● Recorded data:
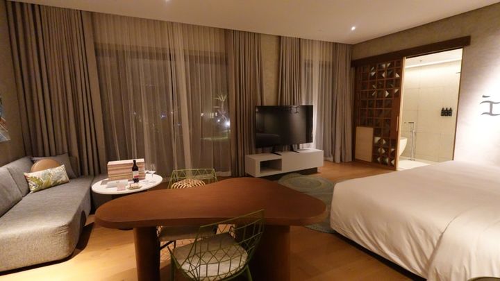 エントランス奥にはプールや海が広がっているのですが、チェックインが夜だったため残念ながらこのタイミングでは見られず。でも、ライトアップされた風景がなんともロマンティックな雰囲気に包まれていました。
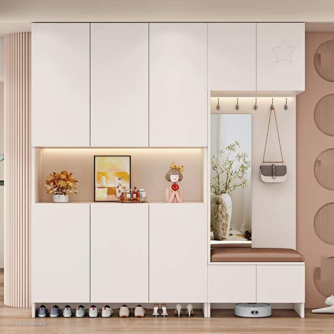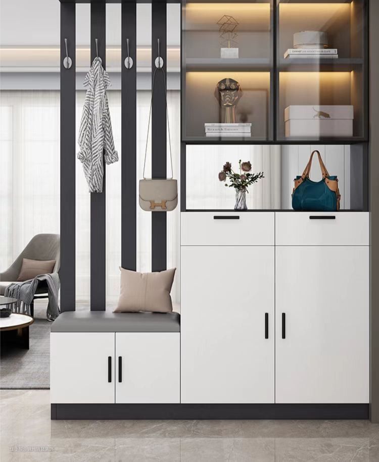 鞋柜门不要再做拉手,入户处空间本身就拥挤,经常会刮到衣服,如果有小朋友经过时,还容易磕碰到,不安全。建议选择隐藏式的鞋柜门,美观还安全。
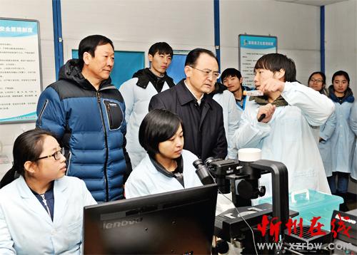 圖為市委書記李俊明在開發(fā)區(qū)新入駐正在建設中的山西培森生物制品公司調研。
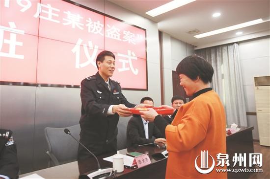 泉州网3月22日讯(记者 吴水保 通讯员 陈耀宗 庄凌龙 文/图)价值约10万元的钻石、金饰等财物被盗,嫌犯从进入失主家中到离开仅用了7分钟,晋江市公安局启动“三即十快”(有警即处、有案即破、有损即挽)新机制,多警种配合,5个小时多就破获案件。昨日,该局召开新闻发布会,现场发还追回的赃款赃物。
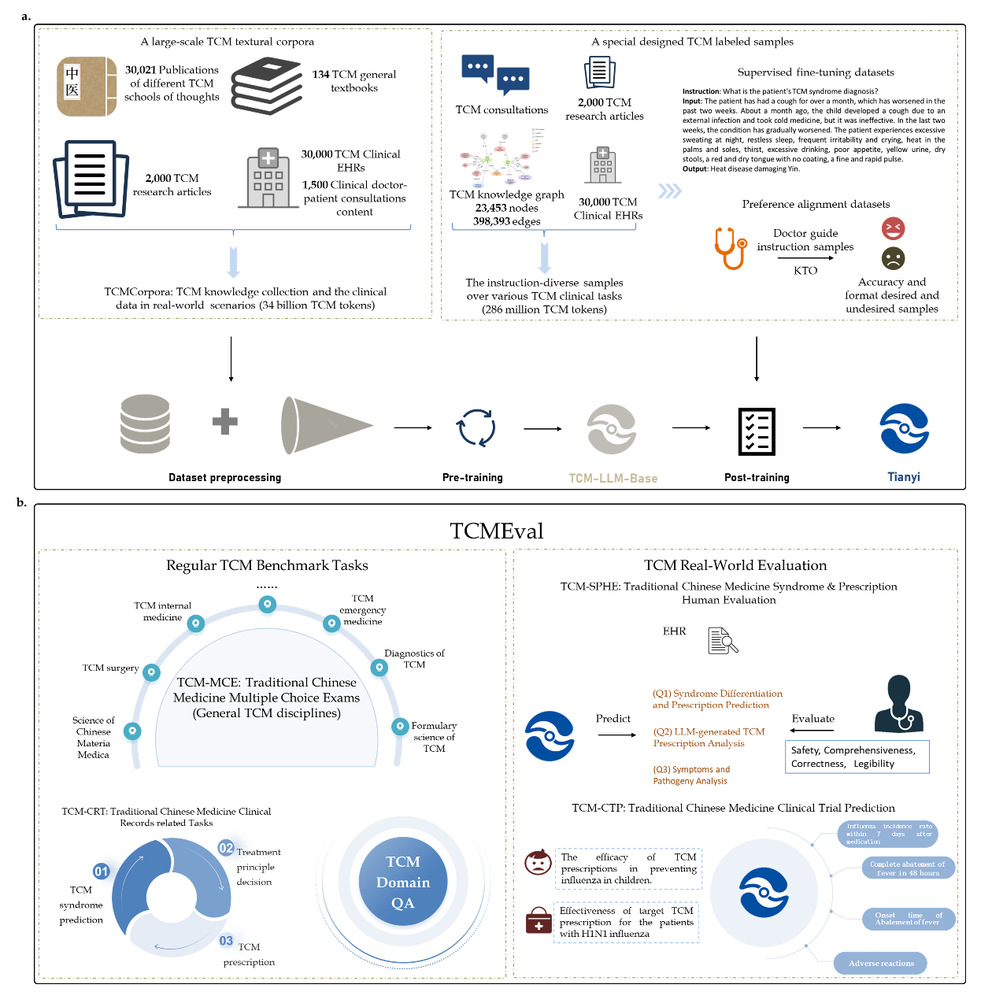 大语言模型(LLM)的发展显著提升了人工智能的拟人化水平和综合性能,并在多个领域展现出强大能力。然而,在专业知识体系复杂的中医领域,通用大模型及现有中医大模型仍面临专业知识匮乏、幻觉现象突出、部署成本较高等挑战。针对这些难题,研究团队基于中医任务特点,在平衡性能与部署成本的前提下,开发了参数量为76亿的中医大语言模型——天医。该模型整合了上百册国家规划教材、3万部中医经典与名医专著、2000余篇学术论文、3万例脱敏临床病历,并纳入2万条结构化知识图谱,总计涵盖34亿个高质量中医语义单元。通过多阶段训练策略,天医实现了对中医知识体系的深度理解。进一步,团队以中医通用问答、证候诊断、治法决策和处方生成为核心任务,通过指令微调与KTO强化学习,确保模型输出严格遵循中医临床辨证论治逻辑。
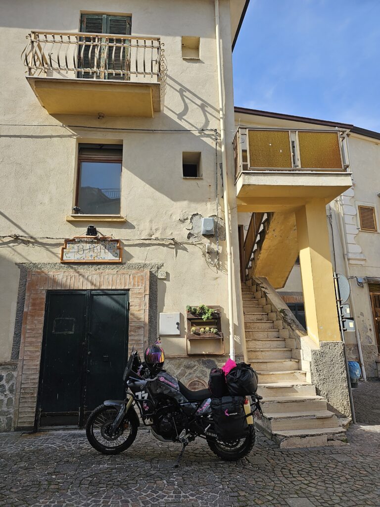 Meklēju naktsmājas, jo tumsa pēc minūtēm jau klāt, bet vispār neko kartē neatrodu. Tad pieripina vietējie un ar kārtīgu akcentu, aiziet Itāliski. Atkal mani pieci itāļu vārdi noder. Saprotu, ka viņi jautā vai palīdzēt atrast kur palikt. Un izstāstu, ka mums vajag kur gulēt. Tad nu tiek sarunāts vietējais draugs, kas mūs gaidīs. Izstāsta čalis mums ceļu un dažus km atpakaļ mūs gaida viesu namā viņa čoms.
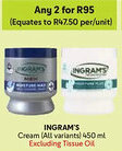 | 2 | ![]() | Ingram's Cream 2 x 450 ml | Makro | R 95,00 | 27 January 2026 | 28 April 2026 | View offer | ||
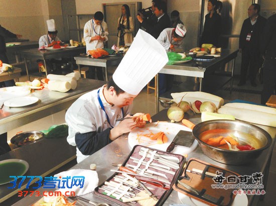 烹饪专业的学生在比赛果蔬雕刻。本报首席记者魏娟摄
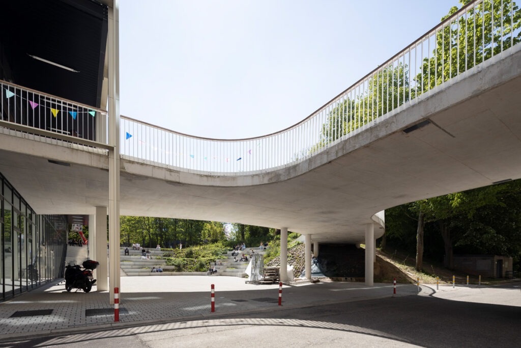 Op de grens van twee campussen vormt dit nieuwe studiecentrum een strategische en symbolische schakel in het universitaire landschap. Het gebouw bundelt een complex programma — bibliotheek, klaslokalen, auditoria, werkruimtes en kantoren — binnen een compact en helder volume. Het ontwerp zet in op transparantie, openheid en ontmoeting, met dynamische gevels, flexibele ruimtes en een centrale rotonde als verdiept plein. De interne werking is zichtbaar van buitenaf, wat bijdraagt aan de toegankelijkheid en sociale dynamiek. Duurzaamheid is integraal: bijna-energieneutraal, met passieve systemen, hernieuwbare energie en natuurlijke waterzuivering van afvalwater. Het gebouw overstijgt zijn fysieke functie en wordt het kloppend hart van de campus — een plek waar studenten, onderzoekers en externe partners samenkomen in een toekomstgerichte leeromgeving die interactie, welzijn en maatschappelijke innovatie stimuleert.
...
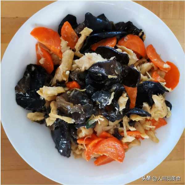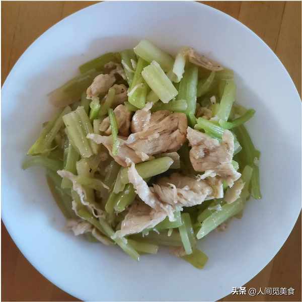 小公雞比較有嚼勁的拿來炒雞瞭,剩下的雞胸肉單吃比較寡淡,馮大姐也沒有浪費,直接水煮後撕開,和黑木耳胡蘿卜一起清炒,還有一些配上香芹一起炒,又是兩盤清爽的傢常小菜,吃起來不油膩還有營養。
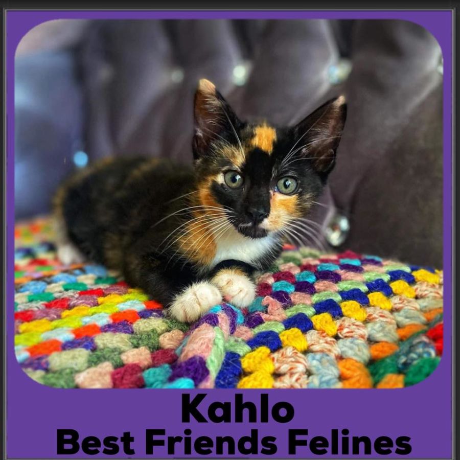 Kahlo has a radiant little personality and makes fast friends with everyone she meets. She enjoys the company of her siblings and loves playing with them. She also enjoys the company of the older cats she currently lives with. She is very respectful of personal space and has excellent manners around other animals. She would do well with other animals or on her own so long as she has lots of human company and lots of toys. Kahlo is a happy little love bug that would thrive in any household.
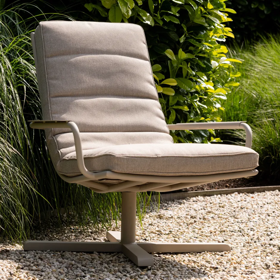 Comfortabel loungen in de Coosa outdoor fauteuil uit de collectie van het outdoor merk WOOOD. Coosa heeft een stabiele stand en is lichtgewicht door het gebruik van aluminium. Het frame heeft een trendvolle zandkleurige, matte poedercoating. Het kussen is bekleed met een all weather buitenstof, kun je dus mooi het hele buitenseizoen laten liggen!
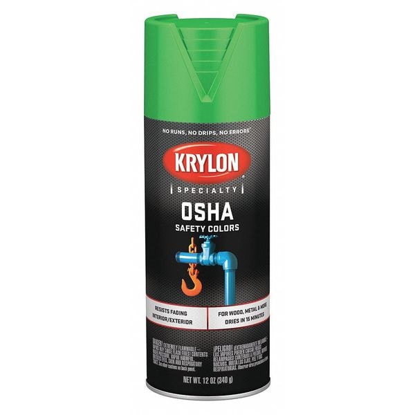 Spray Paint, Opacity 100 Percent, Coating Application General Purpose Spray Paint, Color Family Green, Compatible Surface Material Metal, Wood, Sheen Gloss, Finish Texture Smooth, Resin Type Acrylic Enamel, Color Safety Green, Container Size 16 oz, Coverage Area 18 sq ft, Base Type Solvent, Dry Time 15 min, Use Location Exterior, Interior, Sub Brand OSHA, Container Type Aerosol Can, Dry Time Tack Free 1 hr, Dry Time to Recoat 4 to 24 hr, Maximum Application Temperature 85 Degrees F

● What to produce: Using the entries above, repeat exactly the lines from the one with "Kahlo has a" to the one with "Spray Paint, Opacity", both included, and leave the pictures behind.

● Finished exercise:
 Kahlo has a radiant little personality and makes fast friends with everyone she meets. She enjoys the company of her siblings and loves playing with them. She also enjoys the company of the older cats she currently lives with. She is very respectful of personal space and has excellent manners around other animals. She would do well with other animals or on her own so long as she has lots of human company and lots of toys. Kahlo is a happy little love bug that would thrive in any household.
 Comfortabel loungen in de Coosa outdoor fauteuil uit de collectie van het outdoor merk WOOOD. Coosa heeft een stabiele stand en is lichtgewicht door het gebruik van aluminium. Het frame heeft een trendvolle zandkleurige, matte poedercoating. Het kussen is bekleed met een all weather buitenstof, kun je dus mooi het hele buitenseizoen laten liggen!
 Spray Paint, Opacity 100 Percent, Coating Application General Purpose Spray Paint, Color Family Green, Compatible Surface Material Metal, Wood, Sheen Gloss, Finish Texture Smooth, Resin Type Acrylic Enamel, Color Safety Green, Container Size 16 oz, Coverage Area 18 sq ft, Base Type Solvent, Dry Time 15 min, Use Location Exterior, Interior, Sub Brand OSHA, Container Type Aerosol Can, Dry Time Tack Free 1 hr, Dry Time to Recoat 4 to 24 hr, Maximum Application Temperature 85 Degrees F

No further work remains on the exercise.